I. The Computational Trace and Practice with the Visualization Tool

At each step in the graph, we can consider the current function value and derivative up to that node. Using the chain rule, we compute the derivative at a particular node from the elementary operation that created that node as well as the value and derivative of the input node to that elementary operation. We’ll return to our example from Demo 1 in a moment. For now, let’s work with a simpler function so we can see example how everything works out.

A Basic Example

We worked with a fairly involved function in Module 1. Now we want to understand how the graph is created and how derivatives are really computed using automatic differentiation. A very friendly function to start with is,

\[f(x) = \sin(2x)\]

a. Evaluating the Function

We want to evaluate \(f(x)\) at a specific point. We will choose the point \(a=2\). Throughout this documentation, we will refer to a specific point with the name \(a\). It should be assumed that \(a\) has a specific value, the point at which the function is being evaluated. (This specific point is 2 in the example below.) How do we evaluate this function?
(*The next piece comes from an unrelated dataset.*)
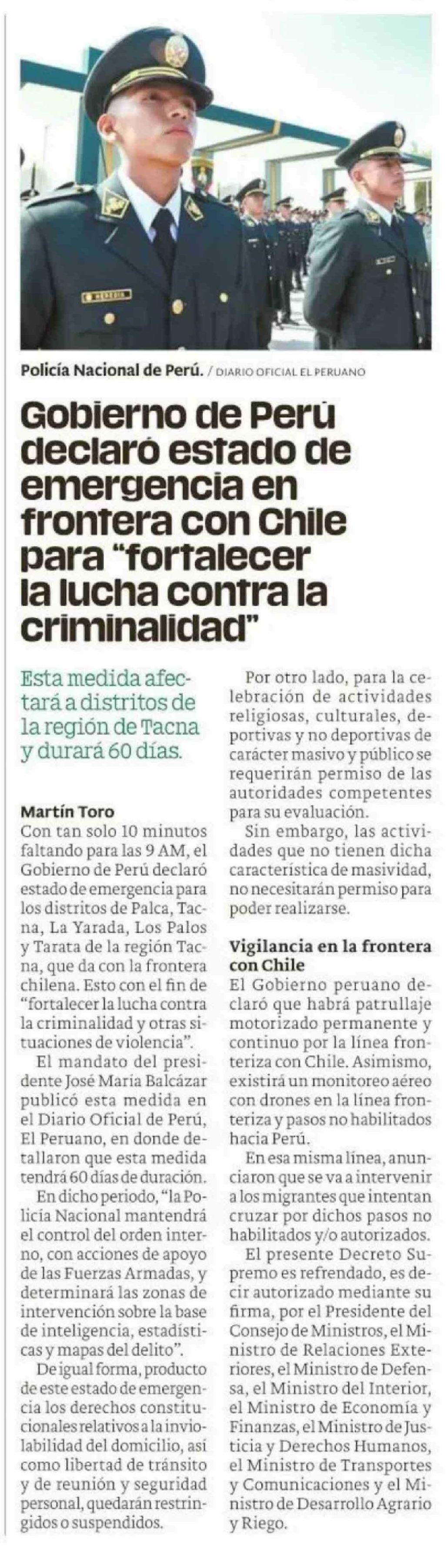 Gobierno de Peru declaro estado de emergencia en frontera con Chile para "fortalecer la lucha contra la criminalidad"
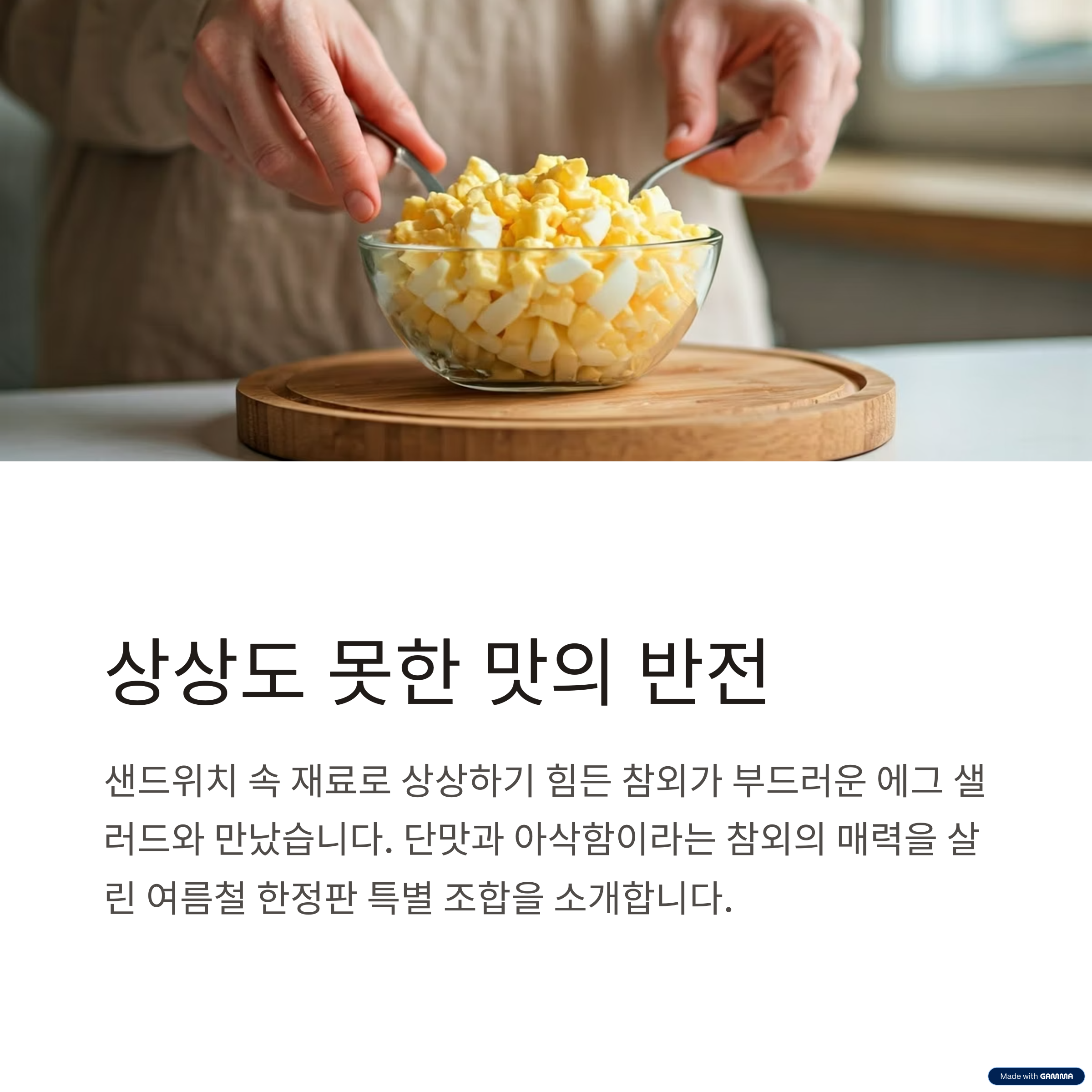 이를 활용한 샌드위치는 한정판 느낌의 색다른 경험을 제공합니다.

  1. Replace \(x\) with the value \(2\).

  2. Multiply: \(2\times 2 = 4\).

  3. Apply the sine function: \(\sin(4)\).

  4. Return the value of \(f\): \(f = \sin(4)\).

b. Visualizing the Evaluation

We can visualize this evaluation in a graph. Each node of the graph will represent a stage in evaluation of the function. The nodes are connected together with edges. The parent value of a given node is the input to that node. The input to the entire function will be denoted by \(x_{0}\). Intermediate values will be denoted by \(v_{i}\). The evaluation graph of our simple function is shown in the figure below.

_images/simple_graph.PNG

We can convert this graph picture into a trace table, which “traces” out the computational steps. The trace table for this function is shown in the following table.

Trace

Elementary Function

Current Value

\(x_1\)

\(x\), input

\(2\)

\(v_1\)

\(2x_1\)

\(4\)

\(v_2\)

\(\sin(v_1)\)

\(\sin(4)\)

This table makes a connection between the evaluation that we normally do and the graph that we used to help us visualize the function evaluation. So far there is nothing much new. These calculations are done almost automatically by our brains and by the computer. All we’ve done so far is laid things out more algorithmically.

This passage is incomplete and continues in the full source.